When you decompress the downloaded file, SETUP.EXE automatically starts installing the ToolVox player. If you're running Netscape 2.0, the ToolVox setup program prompts you to install the Netscape plug-in instead of the standard player.

To test your newly installed ToolVox player, you need to locate a Web page with embedded .VOX audio files. The Voxware Web site contains numerous embedded audio files you can play on just about every page, such as the ones shown in fig. 18.12. The Voxware Web site also contains a listing of other Web sites using the Voxware audio system (see fig. 18.13).

Fig. 18.12

The ToolVox face icon indicates that a .VOX audio file is embedded on this page.

Fig. 18.13

The Voxware Web site keeps a listing of other Web sites using the Voxware audio system.

TrueSpeech

The TrueSpeech audio system by DSP Group, Inc. is another up-and-coming player in the Web-based audio-on-demand market (see fig. 18.14).

Fig. 18.14

The TrueSpeech home page is located at this site.

The TrueSpeech system is similar in operation to the ToolVox system in that it's not controlled by a server-based software product you install on your Web server. Like ToolVox, TrueSpeech is comprised of an audio file encoder used to convert .WAV files into its proprietary .TSP format, and an audio file player that works as a helper application with your Web browser.

Configuring Your Web Server for TrueSpeech

Although there's no Web server software to install, TrueSpeech does require that the Web server support MIME types and be configured to recognize TrueSpeech-encoded audio files. This allows the server to pass the correct MIME type information to Web browsers, which can then spawn the TrueSpeech player/helper app.

See  "How MIME Became Part of the HTTP Specification,"  for more information on using MIME with CGI.

For UNIX-based Web servers, the following line needs to be placed in the configuration file MIME.TYPE:

application/dsptype      tsp

On the CERN HTTP Server, the configuration line should be

AddType.tsp      application/dsptype      binary 1.0

On Windows-based servers, the configuration file type .TSP should be registered/associated the same as any other file type, through the Registry or Control Panel.

Encoding .WAV Audio Files to the TrueSpeech Audio Format

Like ToolVox, TrueSpeech also creates audio-on-demand by creating a highly compressed, proprietary audio file. In the following example, an 80K .WAV file was converted to a 6K .TSP file.

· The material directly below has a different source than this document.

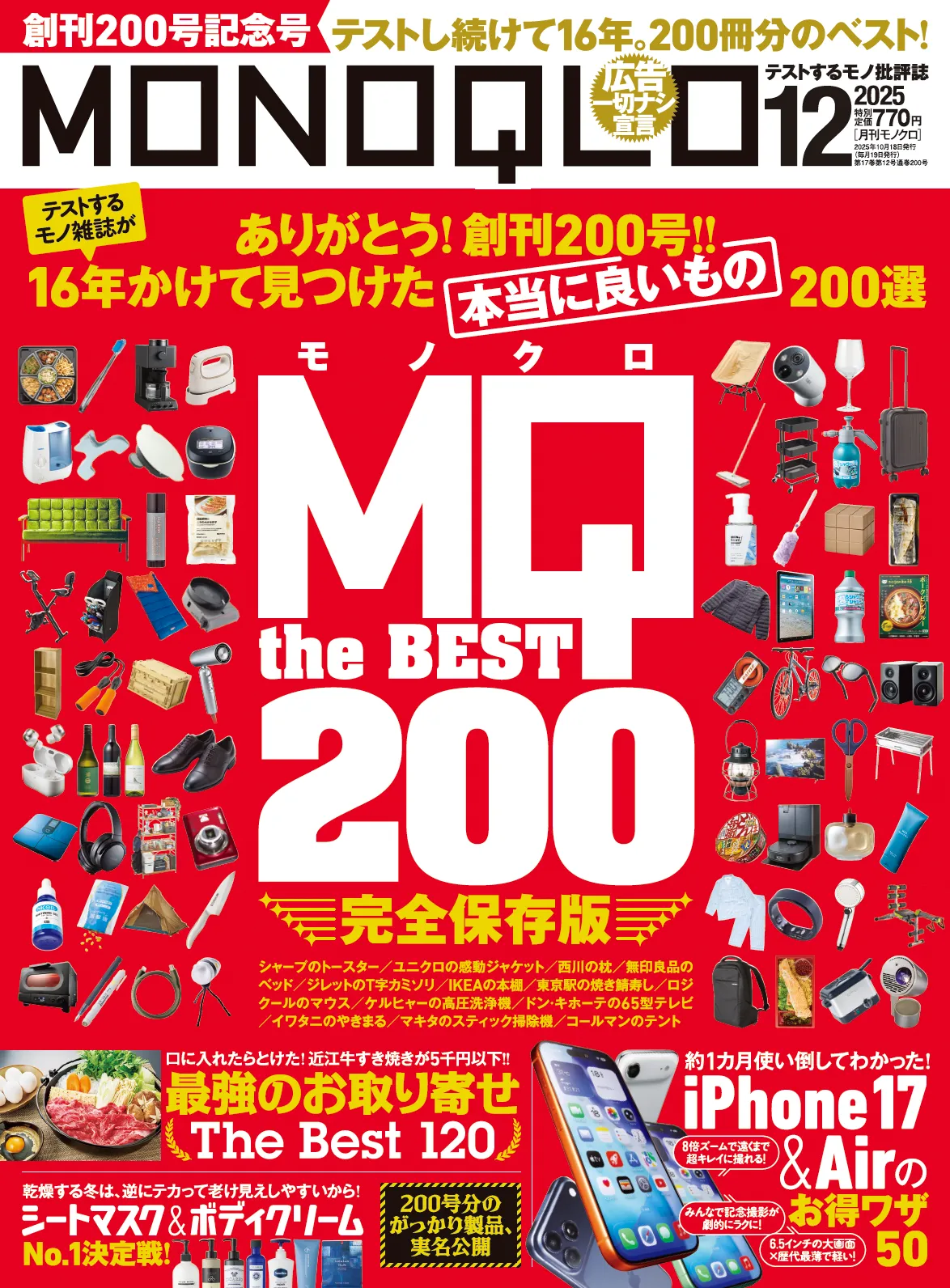 月刊誌『MONOQLO』がこの度、創刊200号を迎えました。16年間にわたり、多くの製品を徹底的にテストし続けた結果、今回特集として「本当に良いモノ200選」を厳選してご紹介します。これまで本誌をご愛読いただいた読者の皆様に感謝の気持ちを込め、おすすめのアイテムを一挙に集めました。

If you're running Windows 95 or Windows NT, you already have the TrueSpeech audio file encoder. It's is built into the Windows multimedia Sound Recorder. To use the Sound Recorder to convert .WAV audio files to the TrueSpeech audio format, follow these steps:

If you're recording your own .WAV files, TrueSpeech recommends that you record the PCM-encoded .WAV file using a sampling rate of 8,000 Hz with 16 bits of resolution. The recording amplitude should be held to a maximum of 14 bits to avoid clipping.
If you're converting an existing .WAV file, you can use the Sound Recorder to convert the file to 8,000 Hz, 16 bit, Mono. Start Sound Recorder and open the file. Open the File menu and choose Properties,Convert Now, and change the Attributes setting to 8,000 Hz, 16 bit, Mono, 16 KB/s, and save the changes.
To convert to a TrueSpeech file, open the File menu and chooseProperties, Convert Now, and change theFormat setting from PCM to DSP Group TrueSpeech(TM). Save the changes (see fig. 18.15). The converted file will now have the file extension .TSP, indicating that it's in the TrueSpeech audio format.

Fig. 18.15

Use the Windows 95/NT Sound Recorder to convert a Waveform (.WAV) file to a TrueSpeech (.TSP) file.

You can't use the Sound Recorder in Windows 3.1 to do TSP conversions. If you're still running Windows 3.1, you need to download the PCM to TrueSpeech conversion utility from the TrueSpeech Web site to encode (convert) your .WAV files to .TSP format.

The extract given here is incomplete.